第六十四話 殺し特化

 アネシアはアベルの素体がリングウェルだと知った時点で戦意を失った。

 それでもシゲオには逃げて欲しかった。


 だからシゲオが悩みながらも『気配遮断』と【闇に溶けゆ】を使って姿を消した時はそれでいいと思った。


 だが、相手は逃がす気など更々なかったのだろう。


「――殺せ、アベル」


 シゲオの姿が認識できなくなった直後、冷徹な声がアネシアの耳に入ってくる。アベルは命令に従って一直線にシゲオの逃げ出した方へ移動し、見えてはいないだろうが先回りして拳を振るった。


「シゲオ!!」


 アネシアはこれまでずっとシゲオの動きを見てきた。今の冷静ではいられない状況で移動する時に色々な技能を発動することはない。最低でも『疾駆』辺りまでだ。だから、彼女にはシゲオの大体の動きが目に見えなくともわかっていた。


 故に、シゲオに拳が直撃することも理解してしまい叫んだのだ。


 実際シゲオは横から頭を殴られて宙を舞う。頭から血が出ていた。意識はまだあるようで足から着地していたが。シゲオが殴られたのを見て、アネシアは背筋を凍らせる。このままでは全滅する。少なくともシゲオと自分は殺される。それだけは嫌だった。


 そんな彼女の見ている前で、シゲオは顔に垂れてきた血を拭って前髪を掻き上げる。顔を上げてアベルを睨むその瞳には、戦意が宿っていた。


「だ、ダメだシゲオ! 逃げるんだよ!」


 アネシアは叫ぶが、聞こえていないのか反応すら示さない。


「あんたじゃ敵わない! だから逃げて、逃げておくれ……っ」


 アベルと戦っていた彼女には、シゲオの今の実力では勝てないと理解できた。いくら【闇に溶けゆ】で認識できなくなるとは言っても、事実つい先ほど殴られてしまったばかりだ。シゲオの方が早く駆け出して瞬く間に追いつかれたのも、ある程度技能を使っていけば補えるとはいえ身体能力で劣っていることの証左である。
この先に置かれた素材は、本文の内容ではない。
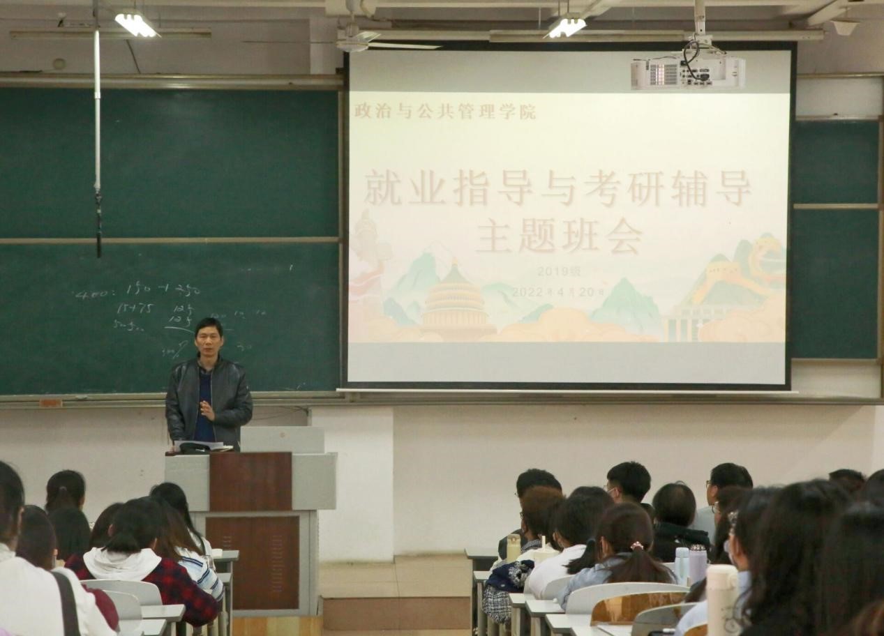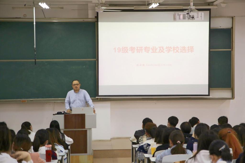 2019级就业指导与考研辅导主题班会于JA305召开,会议由辅导员王元如主持,副院长林士俊担任主讲,2019级全体同学积极与会。

 アネシアの願いも虚しく、シゲオは短剣を抜いていた。


「くくっ! 戦う気か。いいだろう、貴様から殺してやる! その女の前でなぁ!!」


 楽しげな男の声が響く。ダメだ、と思っても今のアネシアにはどうすることもできない。唯一加勢できるノルンもドラゴラの対処で精いっぱいだ。影分身を送り込んでも連携は難しいだろう。一度に動かす身体が多く、そして離れていくとより難しくなる。援護できたとしてドラゴラの方で集中を切らしてしまう。それでは結果が変わらない。


 シゲオは左手に持った短剣を軽く上に放り投げた。短剣がくるくると回る。刃が月光を反射して煌めく。シゲオの目が短剣の方を向くことはなかった。彼の目はただ一点、アベルだけを見据えている。シゲオの左手に短剣の柄が触れた――瞬間にシゲオの姿が消える。【闇に溶けゆ】を発動したのだ。


 どこに行ったのかアネシアにも定かではないが、おそらく技能を使い高速で背後に回ったはず。アベルもそう予想したのか両腕を左右に対して振り回す。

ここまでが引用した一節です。